The moves came ahead of the Fed’s monetary policy meeting, which concludes on Wednesday. The world’s most influential central bank is expected to announce an extra large rate rise of about half a percentage point, with markets pricing in similar half-point rises at the subsequent two meetings, after US consumer price inflation reached 8.5 per cent in March.
“We do not see much room for dovishness at the May meeting,” Standard Chartered strategist Steven Englander said in relation to the Fed. “It took a while” for the Fed’s rate-setters to “reach a consensus” on the need to tighten monetary conditions to try to quell demand, he added. “And we don’t see an incentive for that consensus to break.”
The Fed was also likely to “send a clear signal that they are prepared to control the inflationary pressure in the US”, added Ron Temple, head of multi-asset at Lazard, which might provide a reason to buy back into government debt. While higher interest rates on cash lessen the appeal of fixed income-paying bonds, prospects of inflation being tamed can make them seem more attractive.

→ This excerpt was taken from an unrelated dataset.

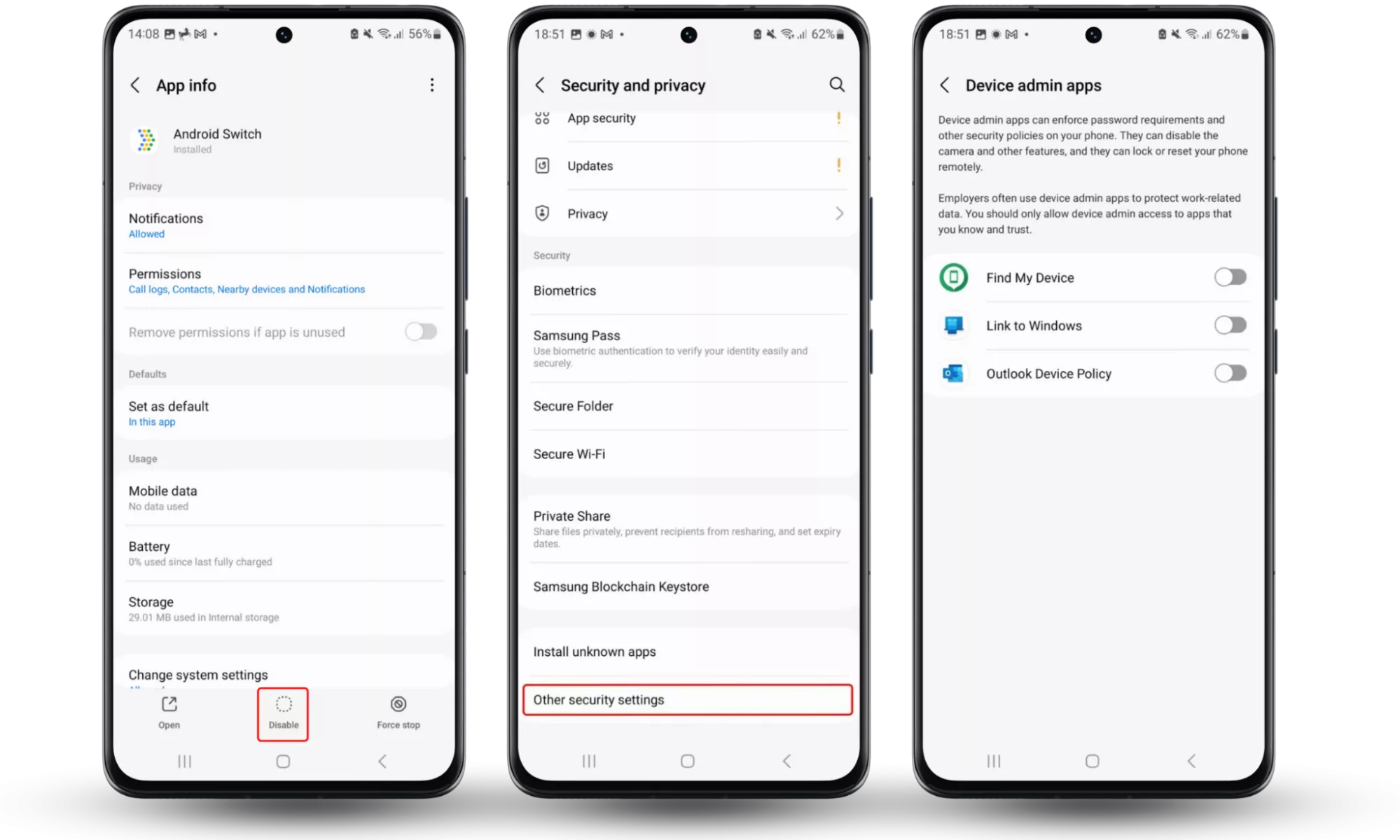 - แตะแอพผู้ดูแลระบบอุปกรณ์- ค้นหาผู้บุกรุกในรายการและปิดปุ่มสลับที่อยู่ข้างๆ สวิตช์ควรเปลี่ยนเป็นสีเทา ตอนนี้คุณสามารถถอนการติดตั้งแอปได้ตามปกติ

Germany’s 10-year bond yield, which started the year below zero, exceeded 1 per cent for the first time in seven years in European morning trading before settling back down to 0.96 per cent. The UK equivalent crossed 2 per cent briefly before trimming some of its gains to trade at 1.95 per cent.
The shake-out in bond markets came after the Reserve Bank of Australia raised interest rates for the first time in more than a decade on Tuesday, increasing borrowing costs by a higher than anticipated 0.25 percentage points and citing inflation that had “picked up more quickly, and to a higher level, than was expected”.
The yield on Australia’s 10-year bond hit 3.4 per cent, a level not reached since 2014, while its more policy-sensitive two-year yield rose by more than 0.19 percentage points to 2.77 per cent.
The Bank of England is also expected to raise UK interest rates to their highest level since 2009 on Thursday. BoE governor Andrew Bailey said last month that the rate-setting institution was walking a “very, very fine line” between tackling consumer price increases and avoiding recessionary risks from lifting borrowing costs too far.
Sterling added 0.1 per cent against the dollar to $1.25.
In equity markets, Wall Street’s benchmark S&P 500 share index was up 0.5 per cent by lunchtime in New York. The technology-focused Nasdaq Composite, which last month registered its worst monthly drop since 2008 as tighter financing conditions dented the appeal of speculative assets, was down 0.1 per cent.
The regional Stoxx Europe 600 share index closed 0.5 per cent higher, with its banking sub-index gaining 2.7 per cent.